● PROBLEM REQUIREMENTS
Could you repeat the entries below exactly, but only from the line with "Daily Faceoff currently" through the line with "Origin: According to", and without any picture?

● SUPPLIED INFORMATION
- Opening Delimiter -
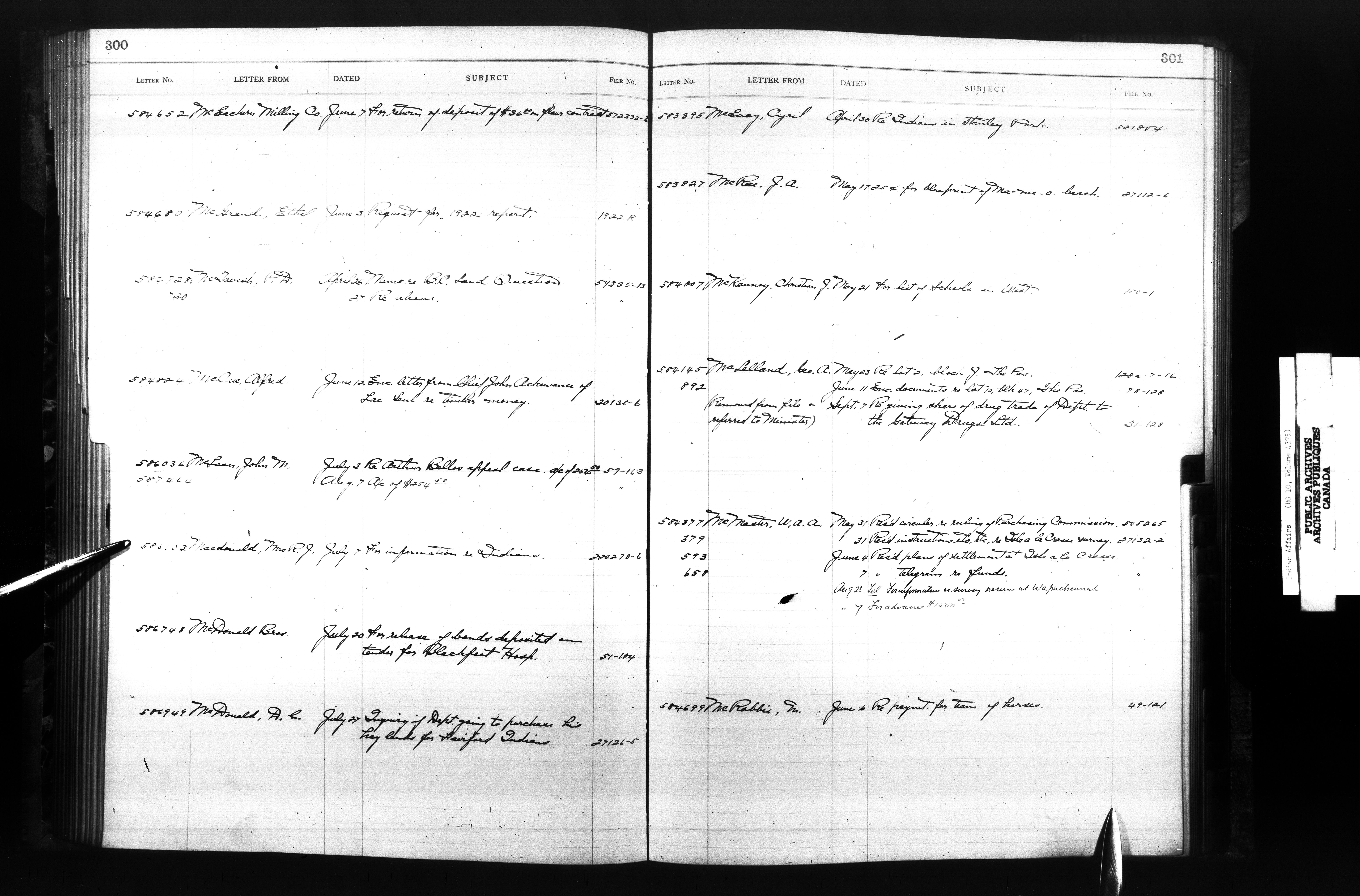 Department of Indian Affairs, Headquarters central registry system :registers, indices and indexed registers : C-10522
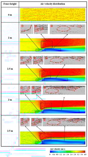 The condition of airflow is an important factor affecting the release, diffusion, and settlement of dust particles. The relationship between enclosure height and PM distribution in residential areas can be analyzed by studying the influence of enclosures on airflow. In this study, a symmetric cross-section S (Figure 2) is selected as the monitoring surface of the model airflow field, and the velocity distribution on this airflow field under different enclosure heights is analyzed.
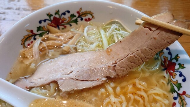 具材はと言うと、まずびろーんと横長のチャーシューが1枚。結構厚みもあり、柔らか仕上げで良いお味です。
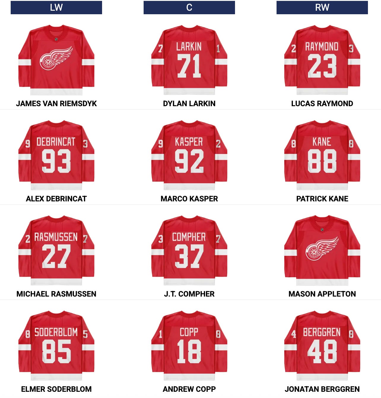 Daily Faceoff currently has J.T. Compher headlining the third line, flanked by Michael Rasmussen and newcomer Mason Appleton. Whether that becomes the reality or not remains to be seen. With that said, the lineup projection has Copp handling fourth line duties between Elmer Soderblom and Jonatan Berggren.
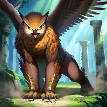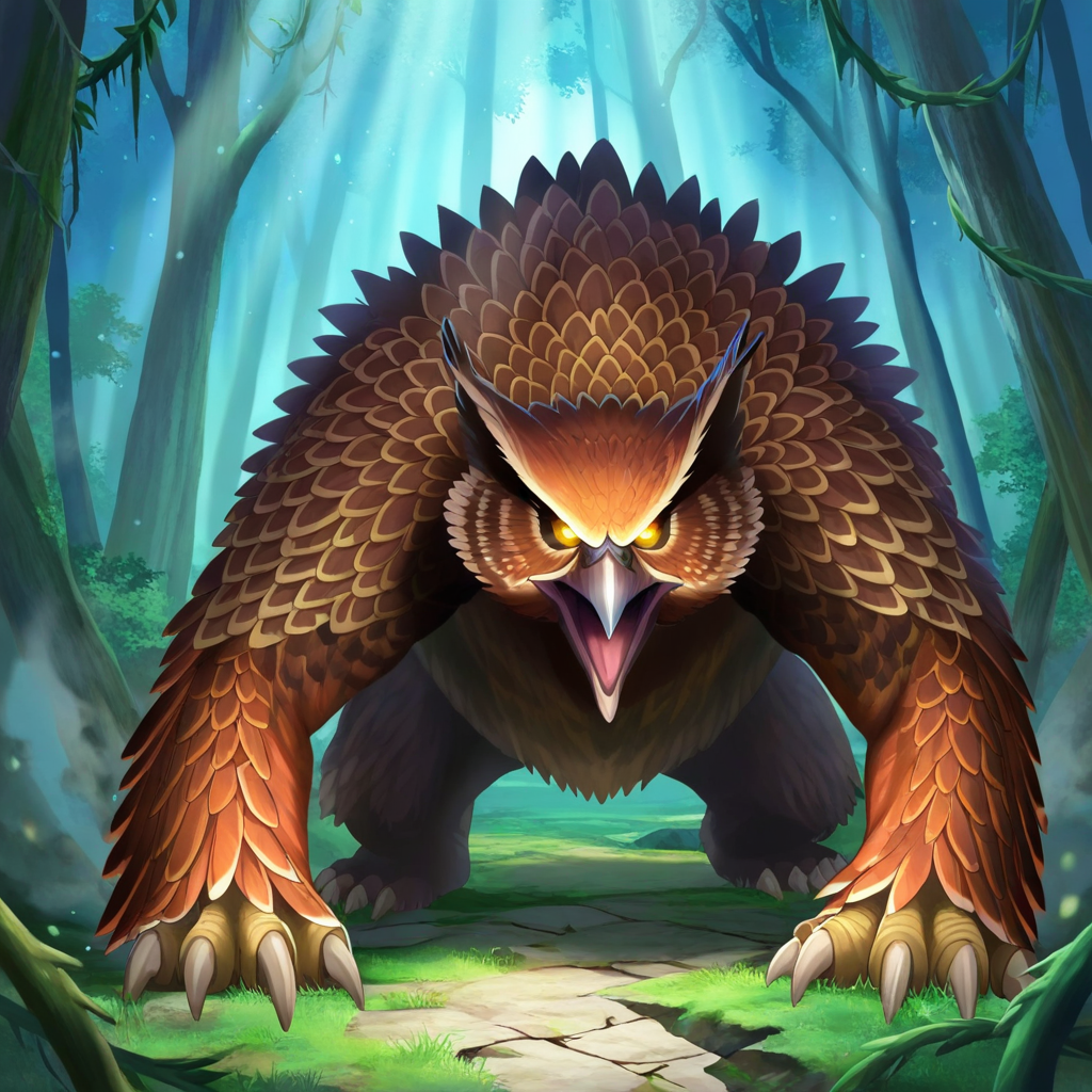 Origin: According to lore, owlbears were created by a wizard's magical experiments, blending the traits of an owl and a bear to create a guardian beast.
- Closing Delimiter -
- Opening Delimiter -
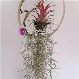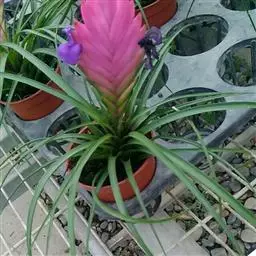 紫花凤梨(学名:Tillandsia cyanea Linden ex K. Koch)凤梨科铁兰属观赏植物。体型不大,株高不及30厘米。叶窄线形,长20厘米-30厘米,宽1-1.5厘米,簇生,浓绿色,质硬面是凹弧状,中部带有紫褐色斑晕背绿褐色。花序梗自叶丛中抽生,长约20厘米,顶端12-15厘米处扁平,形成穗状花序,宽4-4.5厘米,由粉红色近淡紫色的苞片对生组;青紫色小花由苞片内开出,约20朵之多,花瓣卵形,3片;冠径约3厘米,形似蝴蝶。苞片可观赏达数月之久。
- Closing Delimiter -
- Opening Delimiter -
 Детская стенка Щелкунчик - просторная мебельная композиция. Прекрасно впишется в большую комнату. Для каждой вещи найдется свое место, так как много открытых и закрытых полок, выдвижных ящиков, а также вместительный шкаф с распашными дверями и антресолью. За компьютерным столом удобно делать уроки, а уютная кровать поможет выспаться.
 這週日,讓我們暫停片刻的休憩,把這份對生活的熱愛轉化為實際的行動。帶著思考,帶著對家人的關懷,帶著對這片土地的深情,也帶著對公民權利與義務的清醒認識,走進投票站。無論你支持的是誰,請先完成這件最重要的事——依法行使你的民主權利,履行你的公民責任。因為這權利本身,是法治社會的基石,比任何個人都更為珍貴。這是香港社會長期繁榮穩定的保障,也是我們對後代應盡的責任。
- Closing Delimiter -
● SOLUTION TO THE EXERCISE
 Daily Faceoff currently has J.T. Compher headlining the third line, flanked by Michael Rasmussen and newcomer Mason Appleton. Whether that becomes the reality or not remains to be seen. With that said, the lineup projection has Copp handling fourth line duties between Elmer Soderblom and Jonatan Berggren.
 Origin: According to lore, owlbears were created by a wizard's magical experiments, blending the traits of an owl and a bear to create a guardian beast.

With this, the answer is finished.